Expressing myself through the written word is my preferred form of communication, but also the one that gets me into the most trouble. In its favor, it has a permanence that can allow for interpretation further on down the road. Or at least that is what I always hope will happen, after the initial misunderstanding. Words spoken off the cuff, in anger, also can have lasting effects, but re-living them only happens in one's mind until most of what was said is forgotten, to resurface only in the safety of a counselor's office or triggered by the next time it happens.
I put a lot of time into my plan to leave my job, hoping beyond hope that this time I could curb some of the fallout, the unnecessary drama that keeps everyone from having a good day.

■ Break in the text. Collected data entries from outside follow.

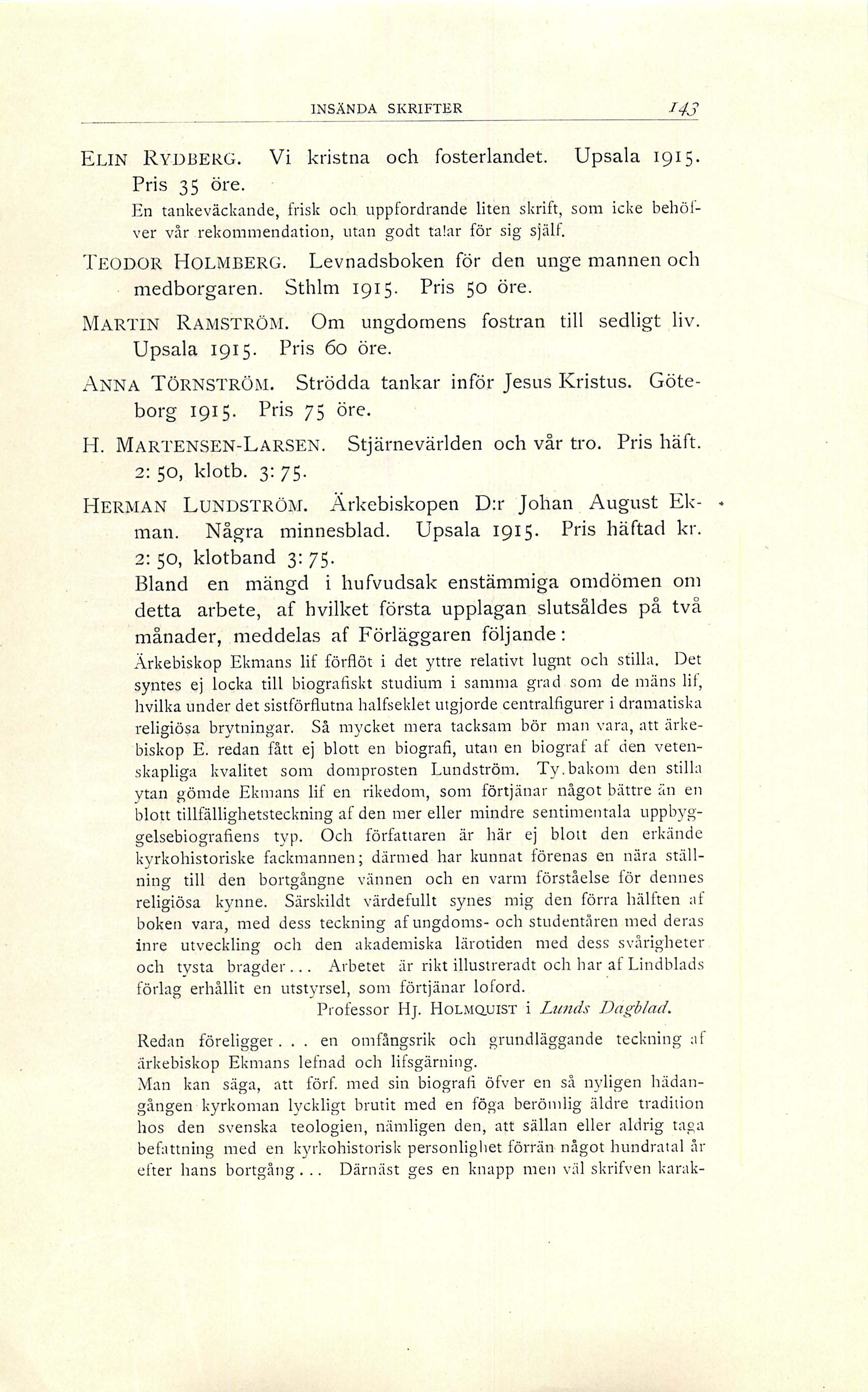 man. Några minnesblad. Upsala 1915. Pris häftad kr.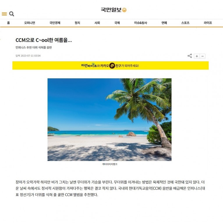 뮤직타임 [기사] CCM으로 C~ool한 여름을…(국민일보)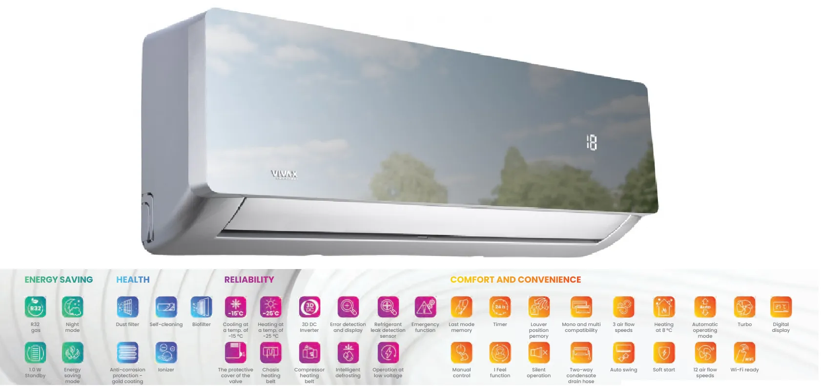 Основные характеристики кондиционер Vivax R+ Design::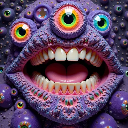 这只是我想出的一个奇怪的概念,我从各种列表中加入了大量随机内容——比如数学方程、密铺图案、微生物、矿物/元素等等……还告诉它大量的人类眼睛和一排排的人类牙齿。然后我用这些图像在OpenArt上创建了一个模型,并用这些图像制作了这里的东西。另外,我其实也不太清楚自己在干嘛,抱歉。

To begin, I did not want to leave my job. In fact, I really liked my job, in spite of the assessment of a previous director who did not realize I was educated, competent or even human. At that time, I was reduced to the output of a laptop computer that crashed frequently causing me to lose all of my hard work and making it appear as though I had no skills when in reality the IT guy (may he rest in peace) told me my computer was broken. Hoping I would not end up in the same condition, I was given a computer of a woman who threw things in her cubicle the day she left until they told her they WOULD pay her for her vacation days after all, and she was able to calm down and collect her things in a box.
Writing, editing and proofreading is what I have always done. When I was in 5th grade if you had asked me what I wanted to be when I grew up my answer would be swift and plain: I want to be a writer. I wanted to travel to foreign lands. I wanted to read books by myself in the big tree on our farm. Instead of spending a lot of time with dolls, though I did enjoy creating doll houses out of shoe boxes and miscellaneous materials, I created a library complete with library cards in which I wanted my sisters to check out books. They, of course, wanted nothing to do with this game and could not understand why I was again asserting my authority over them. That was easy--I was the oldest. I needed no other reason.
In 7th grade I co-edited our class newsletter which meant I corrected the spelling and punctuation of willing classmates who desired to record the news of our small elementary school which was across the road from my dad's cherry orchard. I could wave to him on his tractor from the playground.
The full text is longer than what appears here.